EXERCISE BRIEF -> Leaving out the pictures, return each line of the entries from the first through the line with "Une phrase récurrente", and only those lines.

++++ SUPPLIED ENTRIES ++++

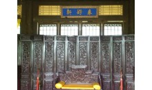 在麗正門北,是避暑山莊正殿。此殿規模宏大,殿前有外、內午門,朝房、樂亭,后有四知書屋、寢宮等 建筑。內午門為清帝每年到承德木蘭圍場進行秋獵時舉行小型閱射之所,門上懸有康熙我御書“避暑山莊”四字匾額,東西兩壁是乾隆御制《閱射六韻》詩刻石。殿建于清康熙四十九年(1710),乾隆十九(1754)全部用楠木改修,故又稱楠木殿。面闊7間,單檐卷棚歇山頂。
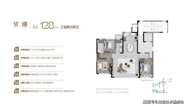 其中128㎡户型设计极为亮眼:南向面宽约13.7米,超越传统住宅160㎡的面宽尺度。近7米超大横厅+远高于普通住宅的3.15米层高,如此高前瞻性的设计,势必将重塑豪宅垂直空间。大大提高了整体空间感受。北侧约3.6米U型厨房+独立餐厅设计,满足6~8人圆桌摆放需求。
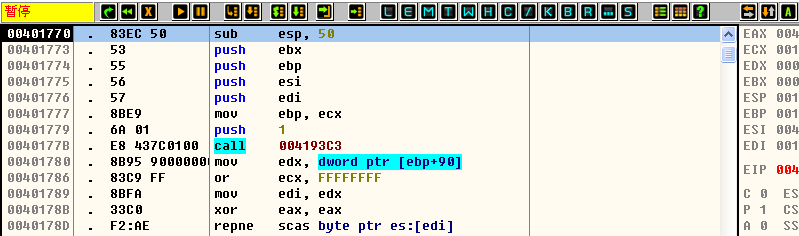 4.回到程序,我们点击【注册按钮】然后程序会断在CALL的位置上,我们直接【F7】进入到CALL的内部,然后在按下两次【F8】
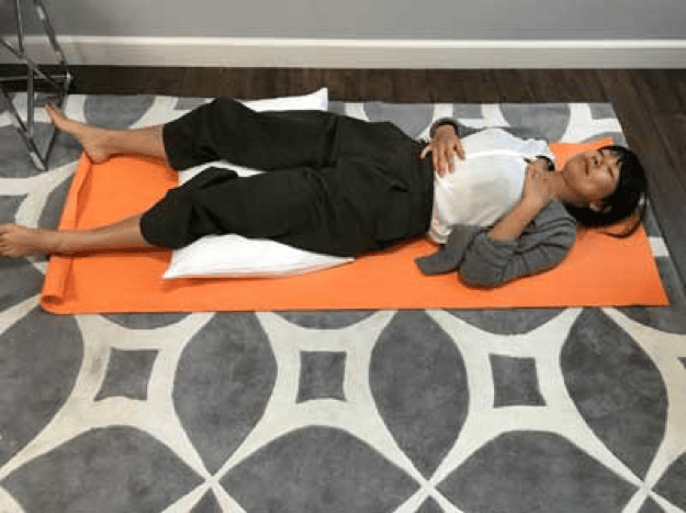 - Lay on your back. Knees can be bent with feet flat on the floor, or knees can be propped up on a pillow or bolster.
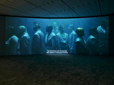 Une phrase récurrente du film, «Le monde est terre sèche, la terre est d’eau», propose un «monde» fait de sociétés et de cultures en relation avec la terre. D’autres performeur·euse·s se déplacent et traînent des corps consentants à travers un espace intérieur constitué d’eau boueuse, entre la mort et la résurrection.
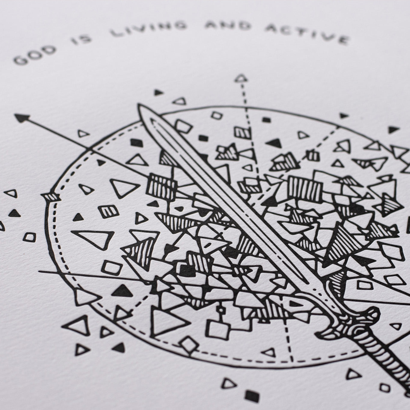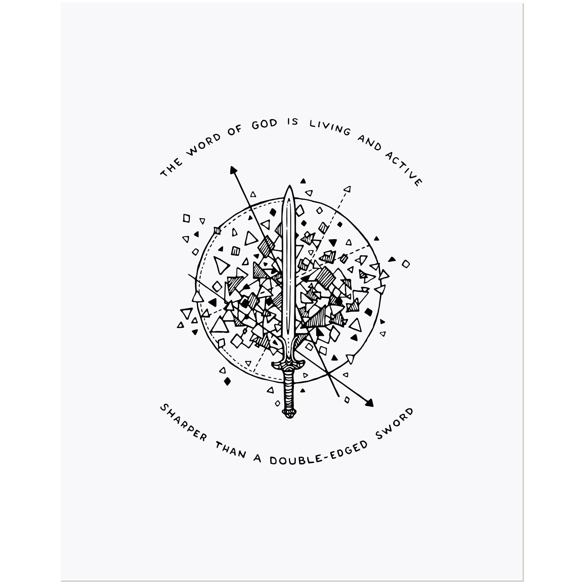 The Sword of the Spirit artwork features Hebrews 4:12 with a detailed illustration of a sword. The intricate elements surrounding the sword represent the dynamic quality of God's Word. Alive and active. Powerful and strong.
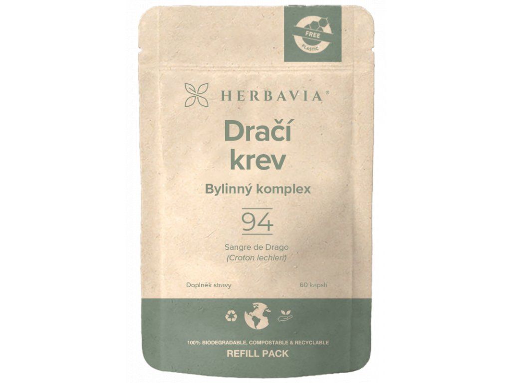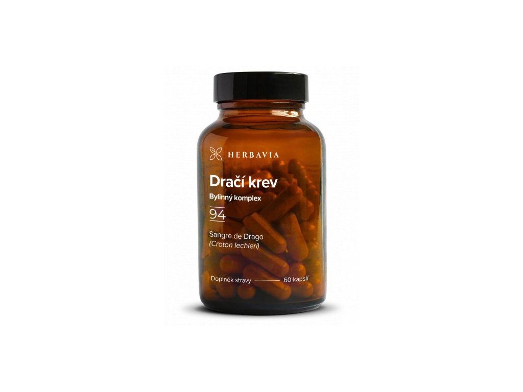 Herbavia Dračí krev, Bylinný komplex, 60 kapslí je 100% čistý, netoxický extrakt z pryskyřice stromu Croton lechleri Muell, Arg., peruánskými indiány nazývanou Sangre de Drago - Dračí krev. Kapsle jsou 100% vegan.
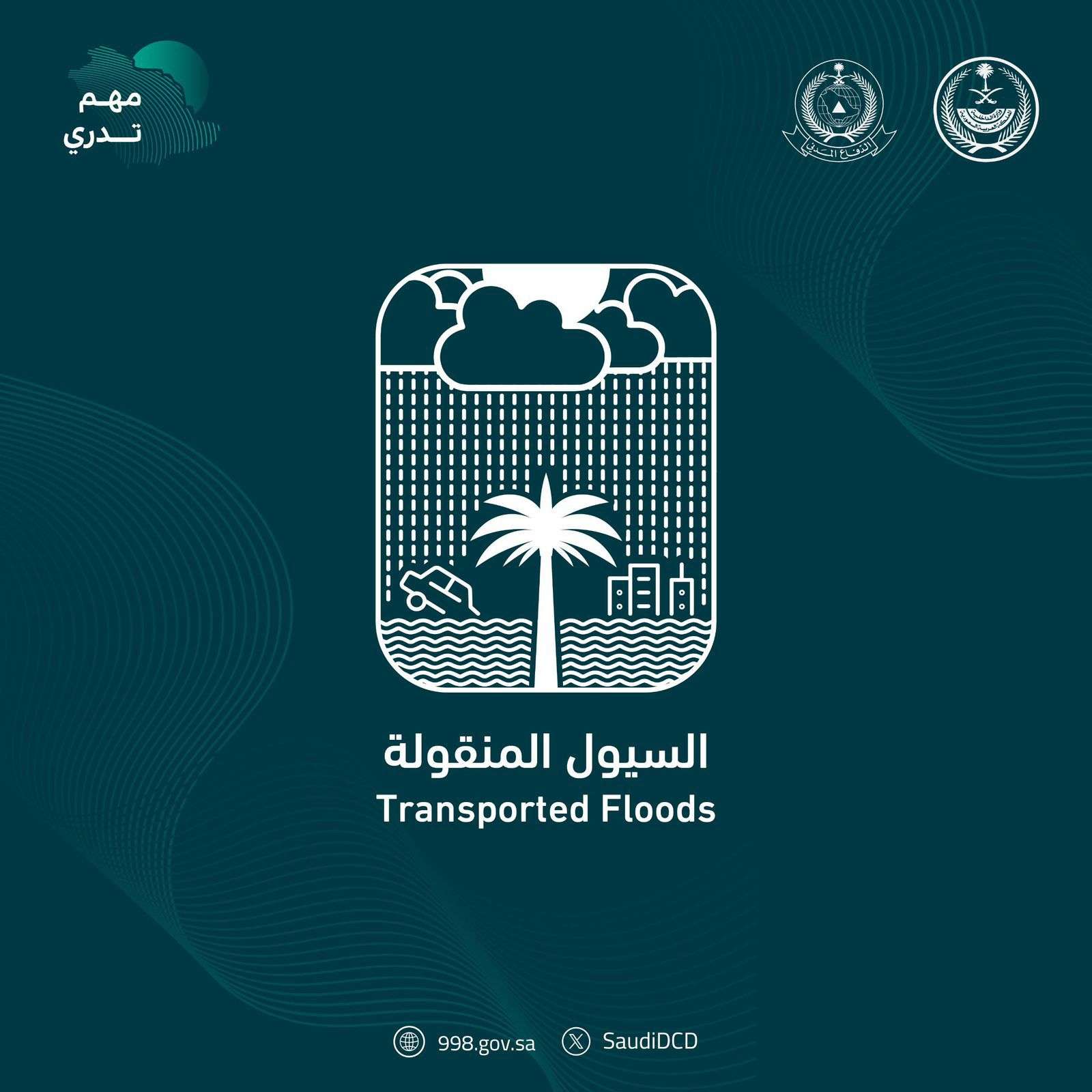 ودعت المديرية العامة للدفاع المدني إلى متابعة التعليمات الصادرة عبر القنوات الرسمية للجهات المختصة، والاتصال بالرقمين (911) في مناطق مكة المكرمة والمدينة المنورة والرياض والشرقية، و(998) في بقية مناطق المملكة لطلب المساعدة في الحالات الطارئة.

++++

RESPONSE AREA ->
 在麗正門北,是避暑山莊正殿。此殿規模宏大,殿前有外、內午門,朝房、樂亭,后有四知書屋、寢宮等 建筑。內午門為清帝每年到承德木蘭圍場進行秋獵時舉行小型閱射之所,門上懸有康熙我御書“避暑山莊”四字匾額,東西兩壁是乾隆御制《閱射六韻》詩刻石。殿建于清康熙四十九年(1710),乾隆十九(1754)全部用楠木改修,故又稱楠木殿。面闊7間,單檐卷棚歇山頂。
 其中128㎡户型设计极为亮眼:南向面宽约13.7米,超越传统住宅160㎡的面宽尺度。近7米超大横厅+远高于普通住宅的3.15米层高,如此高前瞻性的设计,势必将重塑豪宅垂直空间。大大提高了整体空间感受。北侧约3.6米U型厨房+独立餐厅设计,满足6~8人圆桌摆放需求。
 4.回到程序,我们点击【注册按钮】然后程序会断在CALL的位置上,我们直接【F7】进入到CALL的内部,然后在按下两次【F8】
 - Lay on your back. Knees can be bent with feet flat on the floor, or knees can be propped up on a pillow or bolster.
 Une phrase récurrente du film, «Le monde est terre sèche, la terre est d’eau», propose un «monde» fait de sociétés et de cultures en relation avec la terre. D’autres performeur·euse·s se déplacent et traînent des corps consentants à travers un espace intérieur constitué d’eau boueuse, entre la mort et la résurrection.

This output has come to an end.